Cody Smuk and Stephanie Vause, centre, watch the Huskies in Nov. 2014.
    There was a huge and a very cool collection of silent auction items up for grabs including signed jerseys by Jonathan Toews, Tyler Ennis and George Reed. Washington Capitals goaltender and Saskatoon Blades graduate Braden Holtby contributed five big items including two signed game jerseys.
    Vause and Marty Smuk were in attendance and were visibly uplifted that night. Cody Smuk himself still hadn’t returned from Germany.
    Who knew this would be the last public gathering held to support Smuk, while he was still alive.
    After always approaching his cancer battle with an incredible upbeat attitude, Smuk’s condition deteriorated quickly this week leading up this his passing away on Thursday. On Friday, a tribute sign went up for Smuk in front of the Rutherford Rink reading “Rest easy Cody.” A memorial service will be held on Tuesday, June 30 at 2 p.m. at Elim Church.
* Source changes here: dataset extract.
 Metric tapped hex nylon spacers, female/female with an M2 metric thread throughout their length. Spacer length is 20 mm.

    For one that always played with a huge heart on the ice, Smuk helped show how big of a community heart Saskatoon can have off the ice.
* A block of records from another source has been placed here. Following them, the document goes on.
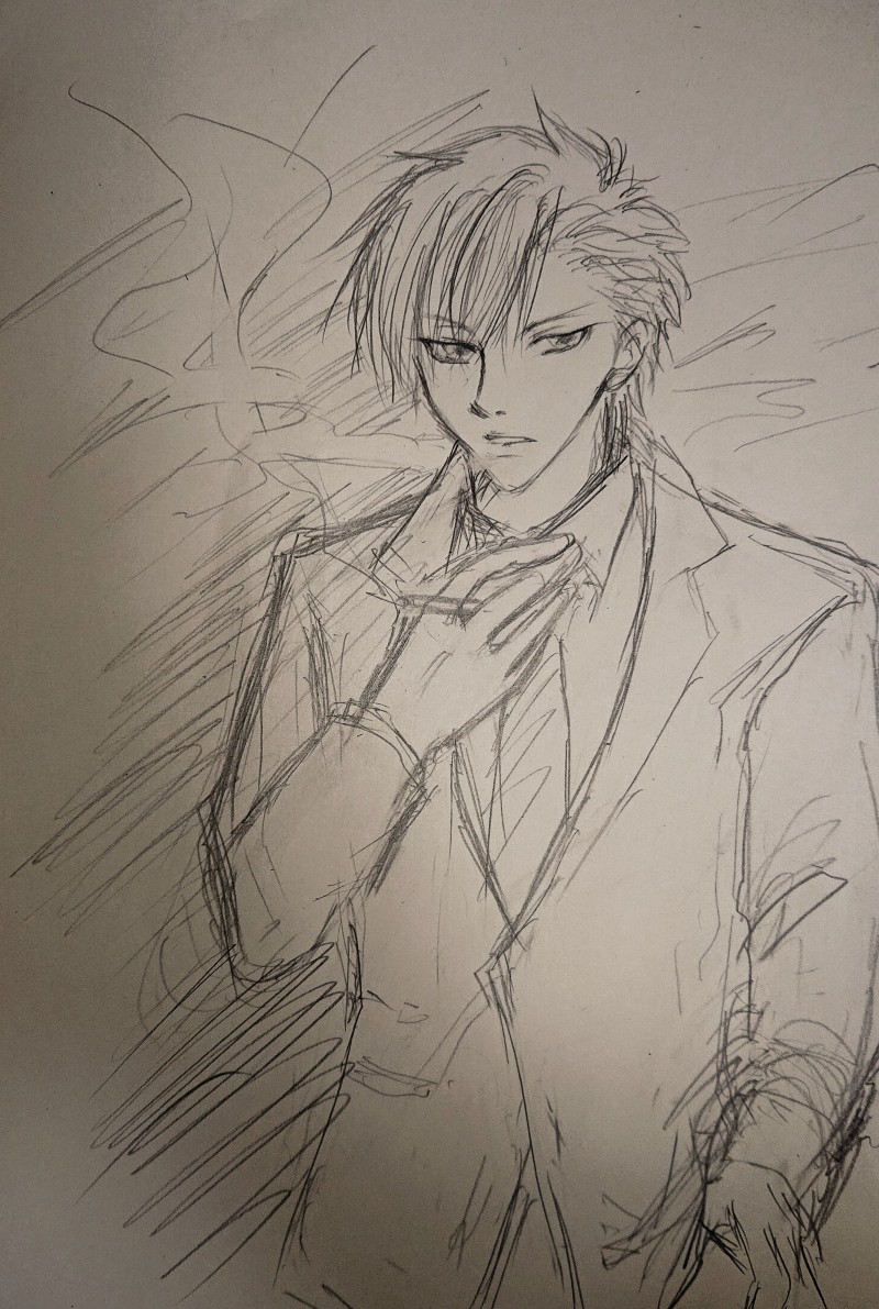 スタマイ絵。夏樹くん追加。煙草持たせてみました。喫煙組の楽しみですねコレは。今度関さんにも煙草持たせてみよう。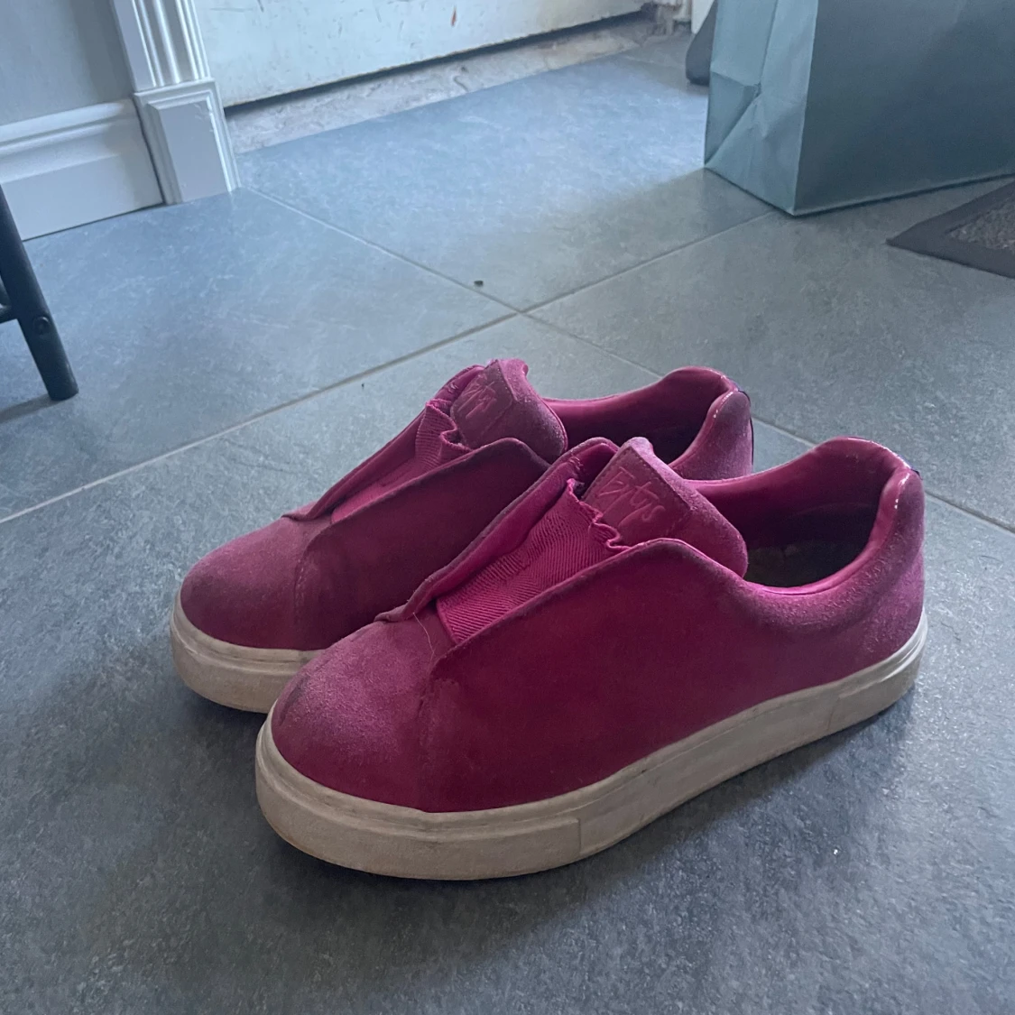 Rosa eytys som inte säljs längre, inga defekter men ser lite slitna ut. Har tyvärr inget kit för att rengöra mocka. Säljer då de är för stora för mig, köpta på plick. Har tyvärr inte kartongen kvar men har dustbagen som jag såklart postar dom i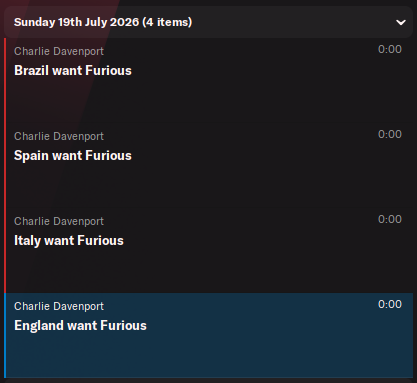 Germany and Argentina can sense I have historical hatred for their nations football teams. I could have gotten over it lads. So, the choice is Brazil, Spain, Italy and England. Brazil have lowballed me with the smallest wage package. Just £49k p/w. It’s also a tough ask. Their best players are all aging out. Allison is the best keeper at 33. Marquinos the best defender. Neymar is still their best outfield player and he’s 34. They do have Brenner, who has the holy trinity. Antony is a great winger. The squad depth is alarmingly poor.
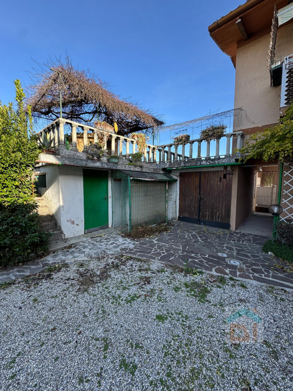 L'immobile è disposto su due livelli. E' composto al piano terra da ingresso, cucina abitabile, ampio soggiorno, bagno finestrato con doccia e zona caldaia nel sottoscala; al primo piano da tre camere da letto di cui due matrimoniali ed una singola, wc e terrazzo accessibile da una camera da letto e dalle scale. Esternamente completano la proprietà un garage, un ripostiglio con sopra un terrazzo ed un pollaio, depositi adibibili a vari usi, un giardino parzialmente recintato ed una corte comune.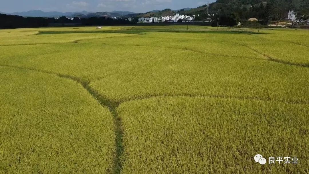 在这千亩富硒稻种植基地里,早稻富硒水稻稻穗压弯了稻秆,放眼望去一片金黄。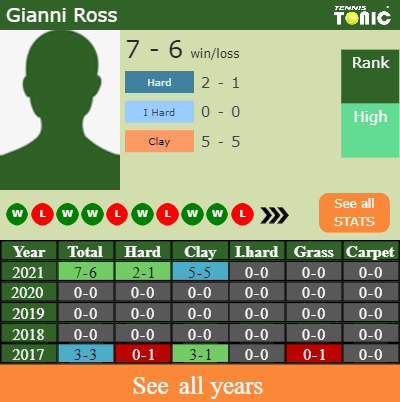 Gianni has an overall 7-6 win-loss record in 2021, 0-0 on indoor hard courts (See FULL STATS).
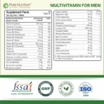 Choose Pure Nutrition Multivitamin for Men because it delivers complete daily nutrition tailored specifically for men, combining essential vitamins, minerals, and powerful herbal extracts like Ginseng, Moringa, Fenugreek, and Green Tea to support immunity, energy, stamina, metabolism, and bone health. Its vegetarian formulation helps bridge nutritional gaps caused by modern lifestyles, boosts physical performance and vitality, strengthens the body’s natural defenses, and supports long-term overall health—making it a reliable daily supplement for active, health-conscious men.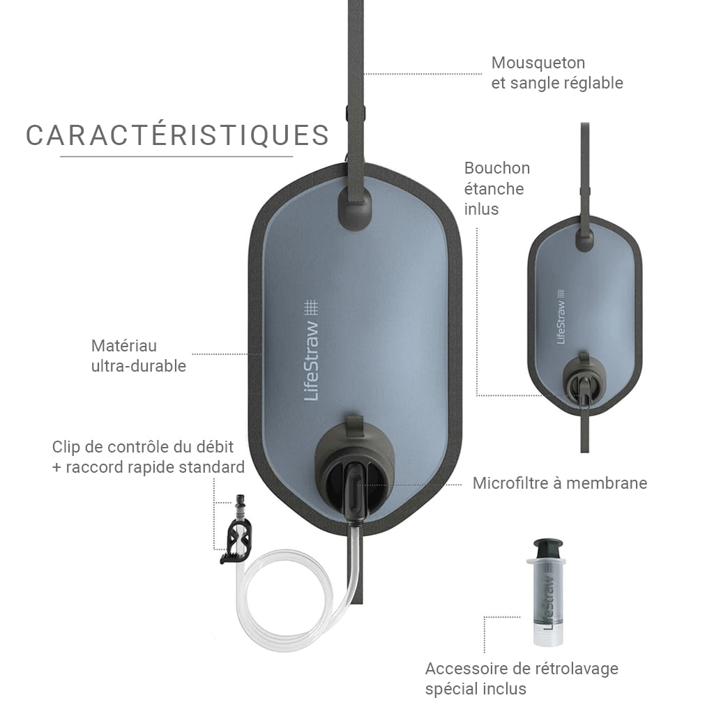 Le sac à gravité de 8 litres inclus peut être suspendu à un arbre ou au couvercle d'un coffre de voiture. Il est fabriqué en plastique sans BPA et le matériau n'altère ni le goût ni l'odeur des liquides transportés. Une fois vide, le sac peut être enroulé et rangé dans un sac à dos.

Valkyries and Riot near biggest clash ever

Marci Kiselyk zips downfield for the Valkyries.
    Believe it or not, the Saskatchewan Roughriders regular season opener at Mosaic Stadium isn’t the biggest football related thing on everyone’s mind in the wheat province.
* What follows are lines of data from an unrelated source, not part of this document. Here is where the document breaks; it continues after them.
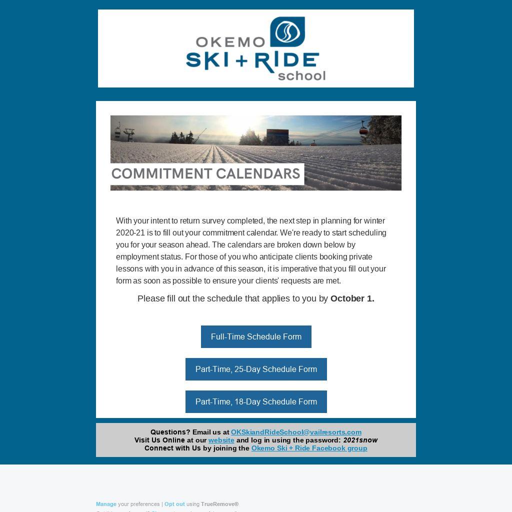 With your intent to return survey completed, the next step in planning for winter 2020-21 is to fill out your commitment calendar. We're ready to start scheduling you for your season ahead. The calendars are broken down below by employment status. For those of you who anticipate clients booking private lessons with you in advance of this season, it is imperative that you fill out your form as soon as possible to ensure your clients' requests are met.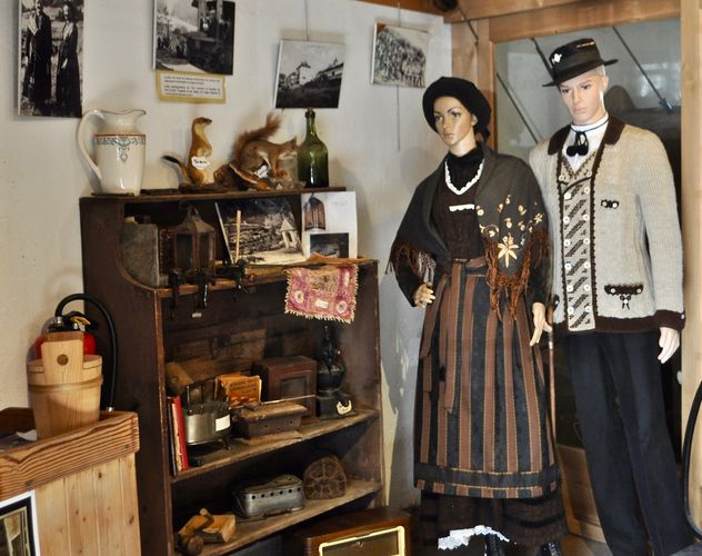 Jean et moi remontons le chemin pentu depuis le moulin pour rejoindre le village et nous rendre à la meunerie. Comme je vous le disais, cette maison de meunier est l'une des plus anciennes demeures du village, à la façade surprenante, ornée de deux pilastres peints en trompe l'oeil. On peut encore y trouver les deux anneaux qui étaient utilisés autrefois pour attacher les bêtes. Côté rue, une porte en bois permet de pénétrer « discrètement » dans un estaminet (bar) aménagé dans la maison, pour y déguster la soupe de bûcheron (une soupe savoyarde et consistante, faite de légumes et de lard). Cet estaminet était l'endroit où les hommes se restauraient en attendant leur livraison de farine. La maison cache bien des trésors à l'intérieur de ses salles d'exposition : reconstitution d'un intérieur savoyard, d'une chambre, collection de vêtements locaux, photos du vieux Flumet et exposition de machines agricoles...La première salle, elle, présente le monte-charge qui fut installé pour relier le moulin et éviter de descendre le grain puis remonter la farine à dos d'homme sur un sentier aussi abrupt. Nos anciens étaient décidément astucieux.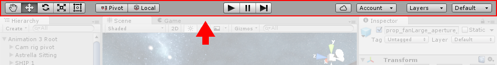 工具栏不是窗口,是 Unity 界面中唯一无法重新排列的部分。

    On Sunday at 2 p.m. at Mosaic Stadium, the Saskatoon Valkyries battle the host Regina Riot in what is to date the biggest clash between the Western Women’s Canadian Football League powerhouse clubs. For the fifth straight year, the two clubs are facing off in the Prairie Conference Final. While the Valkyries took the previous four meetings on their way to winning four straight league titles, this meeting might be the most up in the air head-to-head match between these two clubs.
    “We love to play Regina, and we love to play in good football games,” said veteran Valkyries receiver Marci Kiselyk. “We love playoff games. We’re really excited to get out there on Sunday and see what we can do.”
    The Valkyries and Riot each posted 3-1 regular season records and split their two head-to-head games. The Riot held the standings tiebreaker outscoring the Valkyries 68-37 in the two games.
    In the last meeting between these teams, the Riot bombed the Valkyries 49-9 at Saskatoon Minor Football Field.
    “We really want to redeem ourselves,” said Kiselyk. “We really want to play the way that we know that we can.
    “It stung for a while, and you have to move past it. Football is a game of ups and downs. If a play doesn’t go your way, you have to rebound and be ready go on the next one.”
    The WWCFL’s Western Conference Final will see the Calgary Rage travel to Edmonton to take on the Storm at Jasper Place. Both teams were 2-2 in the regular season.
    The league title game between the two conference winners is set for July 4 at Investors Group Field in Winnipeg.